Whichever way Wooldridge rules, the cases are almost certainly headed for the Virginia Supreme Court -- and a ruling on the legality of the state's laws on driving while intoxicated.
Both DWI cases originated in the lower court, where O'Flaherty had made it clear in other cases that he believed the state's DWI laws made some unconstitutional presumptions. The law states that drivers with a blood alcohol level of .08 are presumed to have been drunk at the time of the alleged offense.
Although he has relied on the law to convict drunk drivers for many years,
the judge also has a problem with presuming that a person's blood alcohol level 90 minutes or more after the arrest, when most breath tests are given, is the same as it was at the time of the arrest. The law says both presumptions are "rebuttable," meaning defendants can offer their own evidence to contest police evidence.
But O'Flaherty,
citing a 1985 Supreme Court ruling, said requiring a defendant to do anything in his own defense violates the Fifth Amendment. Prosecutors are required to prove criminal cases beyond a reasonable doubt; the defendant is not required to do anything, the judge said. Twice, he has declared the state law unconstitutional.
Virginia prosecutors may not appeal constitutional rulings, or anything else, from General District Court. And it was only a pair of state constitution changes, approved by voters more than a decade ago, that allowed prosecutors to appeal from circuit courts, and then only on constitutional and evidentiary issues.
So Fairfax prosecutors began asking O'Flaherty to dismiss drunken driving cases that landed in his courtroom. There are 10 General District Court judges in Fairfax, and as many as five are hearing randomly assigned traffic cases any one morning. When O'Flaherty dismissed a case, prosecutors then indicted the defendant in Circuit Court, where either side could appeal.
This month, O'Flaherty began refusing to dismiss cases for possible indictment, saying he had done so enough times for appeal purposes. He then began finding some defendants not guilty, in part by refusing to presume that they were drunk based on their blood alcohol test.
Corinne J. Magee, representing Edward Q. Yap in one of the cases before Wooldridge yesterday, said a law telling a judge or jury to presume someone was drunk, based solely on their blood alcohol level, "puts the onus on the defendant to disprove his own intoxication." She said such a defense "likely will not be found sufficient."
Assistant Commonwealth's Attorney Casey M. Lingan said the law's presumption of drunkenness does not shift the burden to a defendant but merely allows "a permissible inference that's based on loads and loads of scientific study." He said the presumption "takes away the necessity of having an expert hauled into court every time a misdemeanor [drunken driving] case is held."
Todd F. Sanders, representing the second defendant, Gonzalo Padilla, said: "This is not an inference.
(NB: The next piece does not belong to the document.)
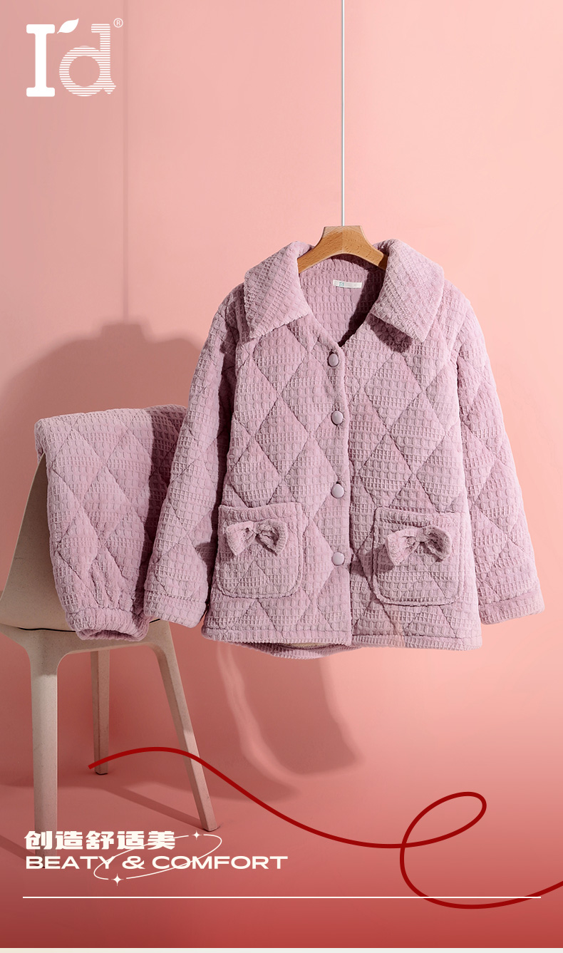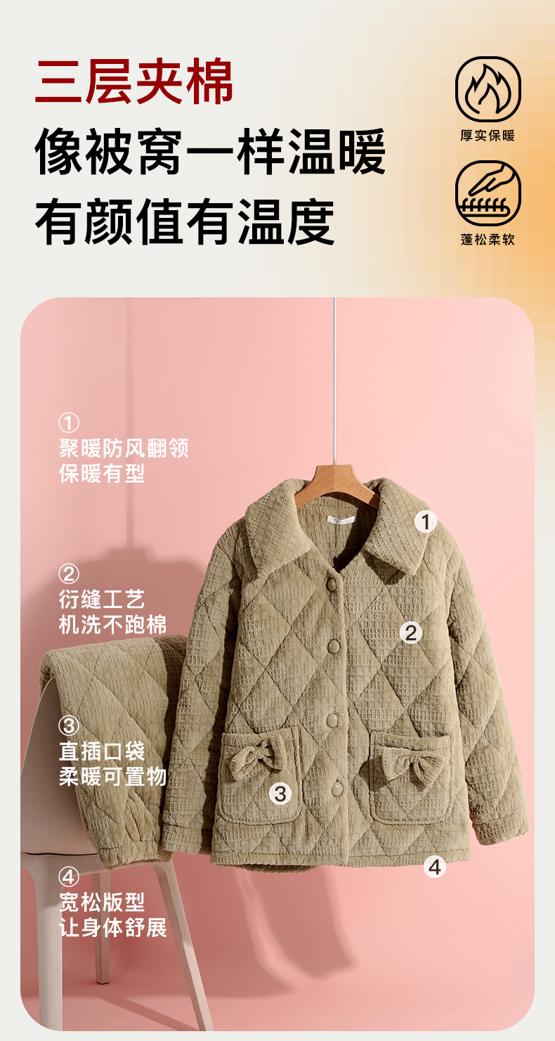 【三层夹棉加厚保暖】秋冬女士加绒加厚家居服套装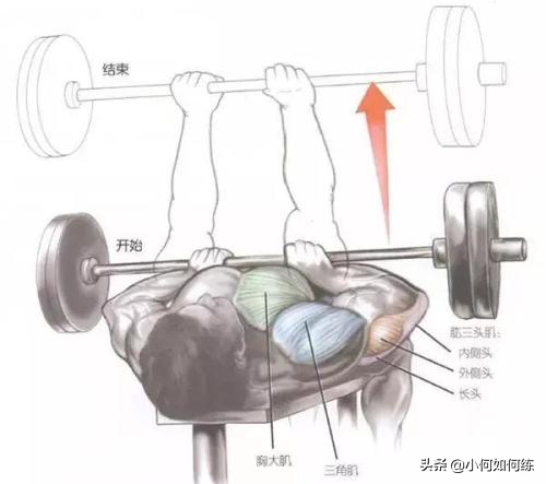 仰卧于杠铃凳上,双手采用正手姿势握住杠铃杆,卧距要窄于肩宽,在15里面左右为佳;出杆后将杠铃杆置于胸口乳头正上方,逐渐降低杠铃高度直至轻触胸部为止;垂直推起杠铃,直到手臂伸直,肘关节闭合。

It's a presumption under the statute and the way that every judge in this circuit interprets it." He said defendants could combat the blood alcohol presumption only by calling their own experts to testify.
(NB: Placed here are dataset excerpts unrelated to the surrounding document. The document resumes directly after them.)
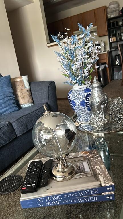 This glass globe on a silver base is perfect for anyone looking to brighten up their home or office decor. The contemporary grey color complements a variety of styles, making it a versatile piece in any room.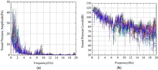 Frequency response functions of acoustic pressure of observation points: (a) Acoustic pressure; (b) Acoustic pressure level.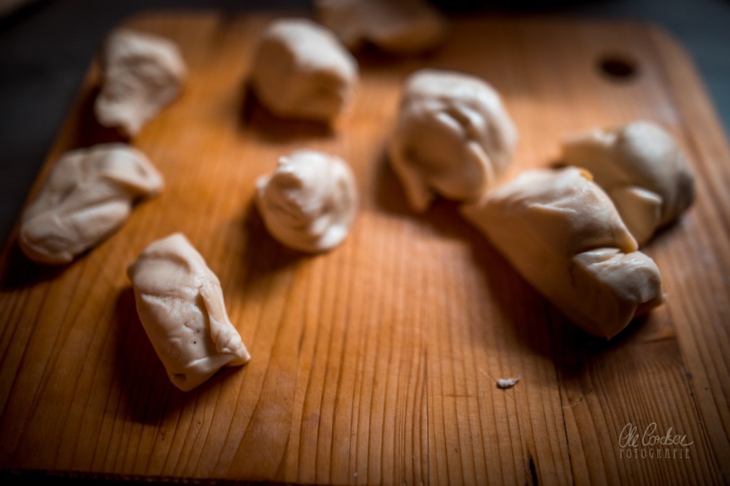 - Den Teig in etwa zwölf gleich große Stücke teilen – und in einer Schüssel mit Deckel oder einem feuchten Trockentuch darübergelegt aufbewahren, aus der man in der Folge immer nur einzelne Stücke entnimmt (oder enorm schnell arbeitet), weil sie sonst auszutrocknen drohen. Alternativ kann man sie allerdings auch unter Frischhaltefolie aufbewahren (ökologisch fragwürdig) oder dünn mit Öl bestreichen, wenn man langsamer arbeitet und sie gegen’s Austrocknen schützen möchte.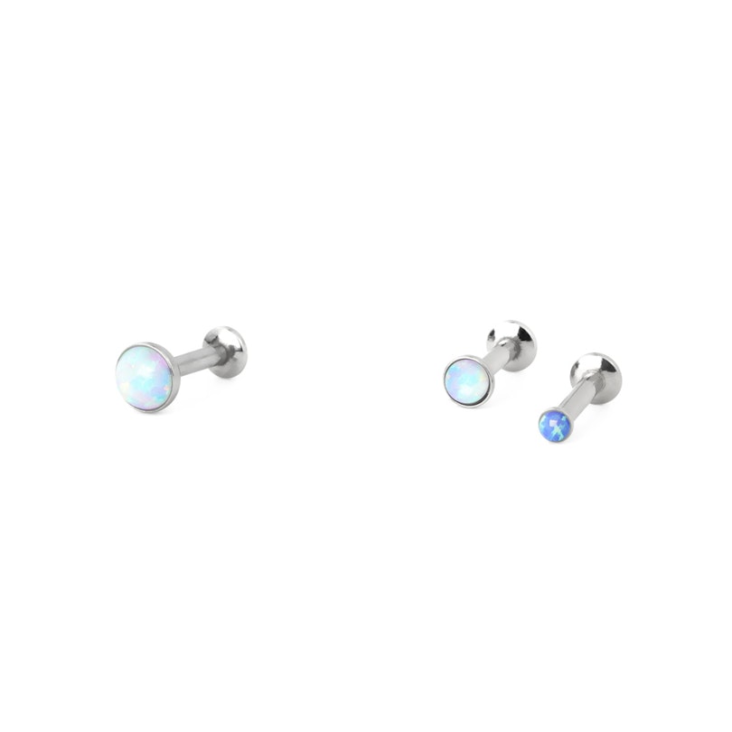 El labret está disponible en varias longitudes y en los dos colores de piedra que puedes ver en las fotos. Cuando elijas la longitud que quieras, también deberás elegir el tamaño del ópalo entre tres opciones.

Lingan also argued in a brief that the Supreme Court case cited by O'Flaherty,
Francis v. Franklin , dealt with the intent of a murder defendant and an instruction that told jurors to presume that a suspect had intent to kill if he was "of sound mind." Lingan said "intoxication presumptions are based on scientific research. . . . Thus the presumptions of intoxication are inherently reliable as opposed to subjective like those in" the Francis case.
Assistant Commonwealth's Attorney Kathryn S. Swart, who has argued so vigorously with O'Flaherty that he threatened her with jail, said defense attorneys can rebut the presumption by cross-examining police and attacking other prosecution evidence.
In a brief, Swart wrote that the Constitution "does not prohibit the use of presumptions or inferences as procedural devices to shift to the accused the burden of producing some evidence contesting the otherwise presumed or inferred fact."